Sport : Entspannung jenseits der Gefahrenzone

Christoph Kieslich

Vor zehn Tagen hat das noch ganz anders ausgesehen. Da kehrte Volker Finke gerade vom Eröffnungsspiel des Afrika-Cups heim, und was Liberia und Mali beim müden 0:0 auf den Rasen im Stadion des 26. Mai gebracht hatten, durfte die Hoffnung nähren, dass der SC Freiburg seine beiden malischen Nationalspieler bald wieder für den Bundesliga-Alltag zur Verfügung haben würde. Nachdem jedoch Mali mit maßgeblicher Hilfe von Boubacar Diarra und Soumaila Coulibaly nun die Vorrunde ungeschlagen durchquert hat, können die beiden weder heute Nachmittag in Berlin noch am Dienstag gegen Wolfsburg für den SC Freiburg spielen. Und wenn Mali das Viertelfinale gegen Südafrika gewinnt, werden sie noch eine Woche länger fehlen.
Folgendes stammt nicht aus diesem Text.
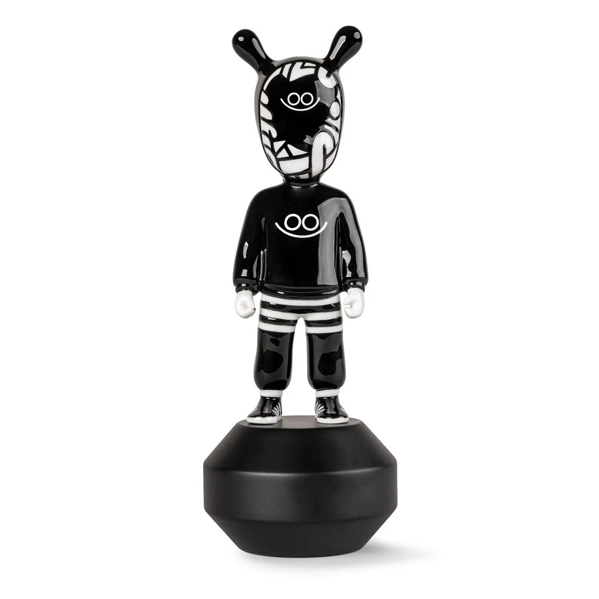 В этой версии «Гостя» Хуан Диас-Фаэс воплощает свой неповторимый стиль, создавая композицию из чистых линий и яркого визуального контраста. Изделие выполнено в черном глянцевом покрытии, которое служит фоном для фирменных белых узоров художника, создавая смелый и мгновенно узнаваемый образ.
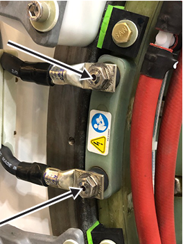 2. Remove and discard the six flanged M10 nuts and Nord-Lock washers securing the busbar lugs to the gradient coil, and slide the busbar terminal lugs off the coil studs.
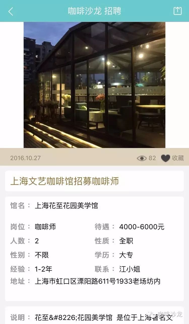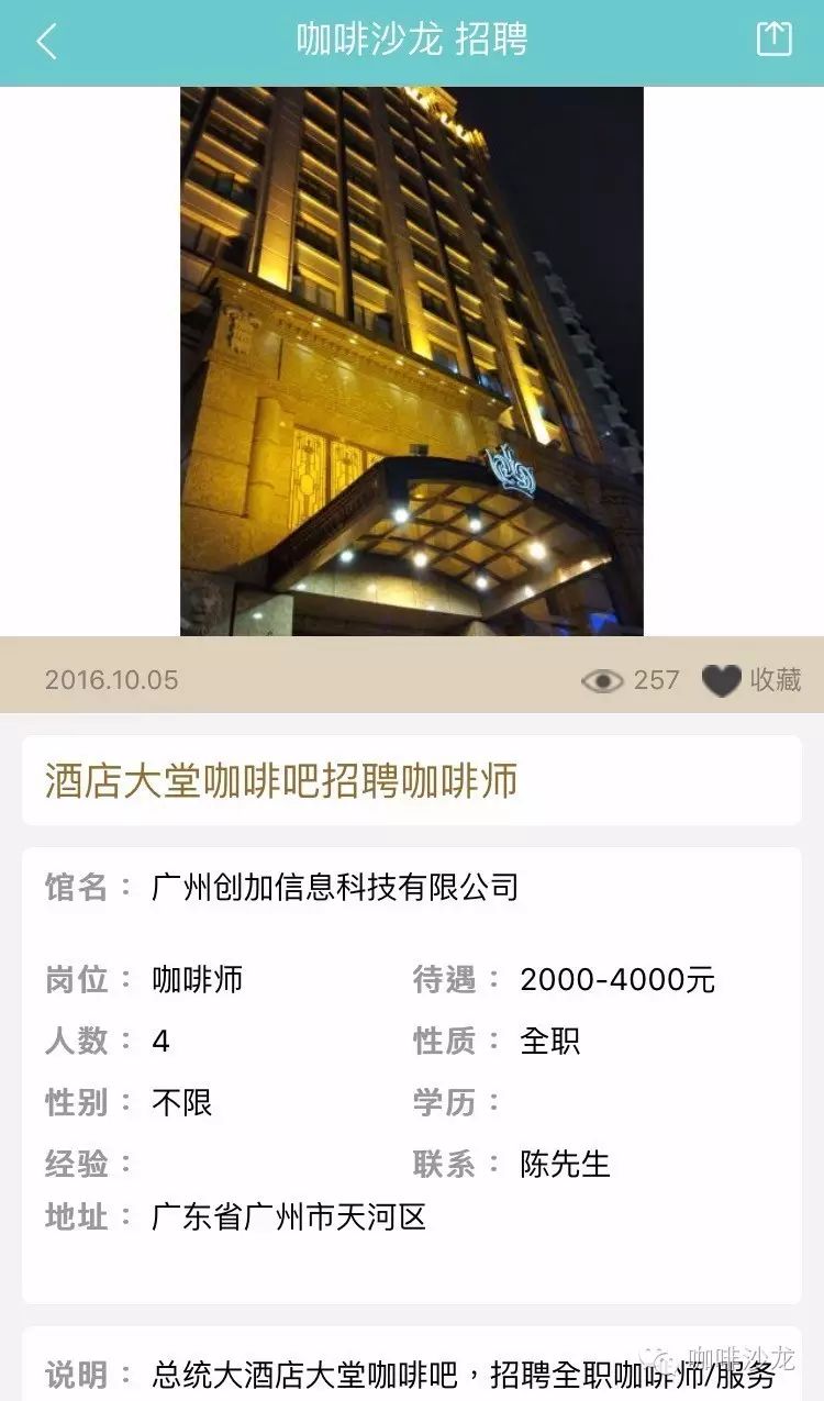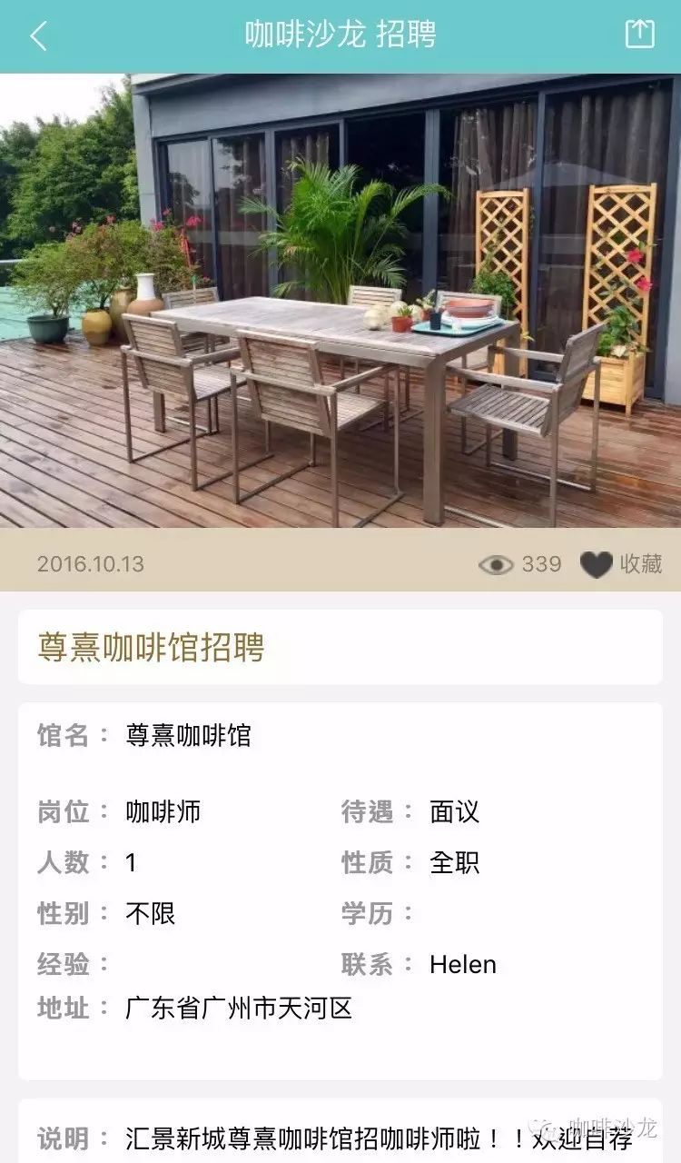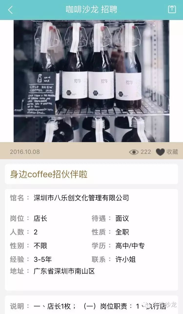 請使用PC端登陸:www.coffeesalon.com/job免費(fèi)發(fā)布!請注意:盡量信息填寫完整,必須要有咖啡館相關(guān)圖片或者LOGO,您的整體形象,也是咖啡師抉擇的依據(jù)!更重要的是不久之后將會推出通過手機(jī)端在平臺上進(jìn)行發(fā)布,讓信息發(fā)布不再多占用你一秒鐘的時(shí)間?。ㄏ肓私獍l(fā)布教程就點(diǎn)我)咖啡館主—伯樂總與千里馬相配只要信息發(fā)布完整,在附上咖啡館的美照,還找不到你心愛的咖啡師嗎,對比以往在自己的身邊甚至是朋友圈中尋找,不如在咖啡沙龍招聘頻道發(fā)布信息更來的簡單粗暴!咖啡師—為夢想尋找廣闊舞臺通過朋友的介紹這種途徑已經(jīng)跟不上時(shí)代了,現(xiàn)在登陸咖啡沙龍招聘頻道找工作更加容易。輻射面更大,渠道更廣,全國各地,只要有招聘信息就可以按要求投遞簡歷,媽媽再也不擔(dān)心我當(dāng)不了咖啡師了!總有一家咖啡館是你的菜!下面是招聘頻道的部分招聘信息:
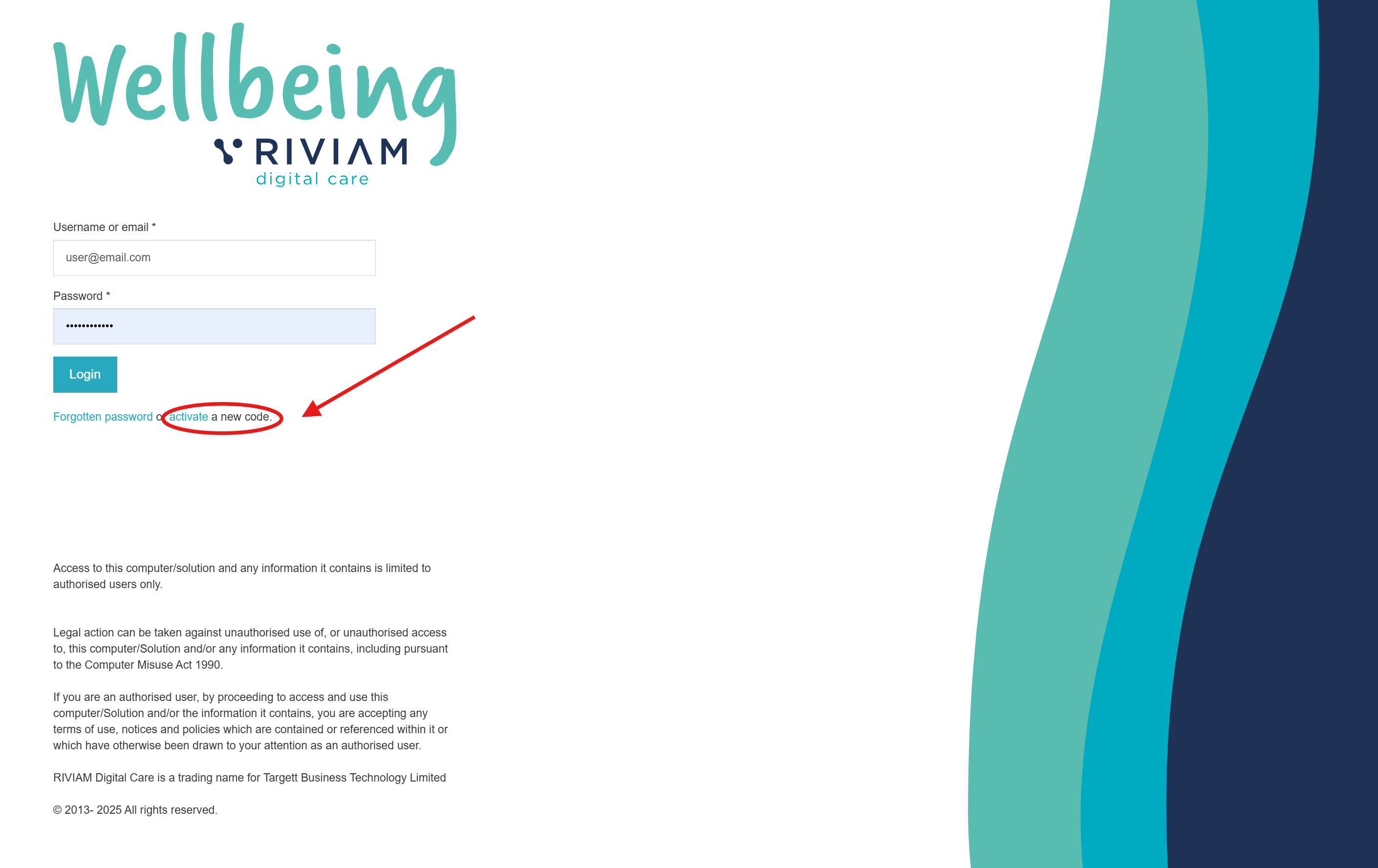 Upon receiving this, please load the RIVIAM Web log-in page and select Activate a new code under the login button.

Aber was den Freiburger Cheftrainer vor ein paar Tagen noch gesorgt hätte, findet er plötzlich einfach "wunderbar". Mittelfristig, vermutet Finke, "wird sich das auch für uns positiv auswirken, wenn die beiden mit einem Erfolgserlebnis beim Afrika-Cup nach Freiburg zurückkommen". Dass in Freiburg die eigene Situation mit einigermaßen Gelassenheit eingeschätzt wird, hängt natürlich mit dem geglückten Wiedereinstieg ins Punkterennen zusammen. Dazu steuerte der Verein selbst ein 2:0 gegen Nürnberg bei, und dahinter passte alles in die Zwischenbilanz, die nun sieben Punkte Abstand zur Gefahrenzone ausweist. Ein kommodes Polster - da kann Finke noch so sehr die "überhaupt noch nicht beruhigende" Tabellensituation beschwören.

Vielleicht vertraut er noch nicht endgültig auf die Stabilität einer Mannschaft, von der die Hälfte der Spieler in der Hinserie nicht zum Stamm gehörte. Junge Spieler wie Benjamin Kruse wickeln jetzt die anspruchsvolle, weil nicht abgesicherte Arbeit als Innenverteidiger ab oder drängen wie Stürmer Florian Bruns nach lang anhaltendem Formtief zurück ins Team. Da kann es sich Finke leisten, Oumar Kondé nach überwundenem Mittelfußbruch heute im Berliner Olympiastadion erst einmal auf die Bank zu setzen. Ibrahim Tanko und Adel Sellimi bleiben in Freiburg und kurieren ihre Malaisen aus. Ginge es sportlich enger zu, das deutete Finke an, wären beide nicht geschont worden.

Auch eine andere Rechnung, bei der vor der Winterpause öffentlich munter mitgezählt werden durfte, scheint aufzugehen. Sebastian Kehl lässt sich nun ein Millionengehalt von Borussia Dortmund zahlen, der SC Freiburg streicht gut drei Millionen Euro Ablöse ein. Finke hatte im kleinen Zirkel der Entscheidungsträger auf eine vorzeitige Trennung gedrängt - aus mannschaftshygienischen Gründen. "Es gibt kein mit oder ohne Kehl sind wir schlechter oder besser. Sebastian war eine Option in unserem Spiel", sagt Finke. "Es hat sich gelohnt mit ihm zusammenzuarbeiten. Er hat profitiert, wir haben profitiert." Und so wendet sich der Trainer seiner Aufgabe zu, "dass mit den vorhandenen Optionen eine möglichst gute Mannschaft auf dem Platz steht". Denn ein Sieg in Berlin fehlt in der Bundesligavita des SC Freiburg noch.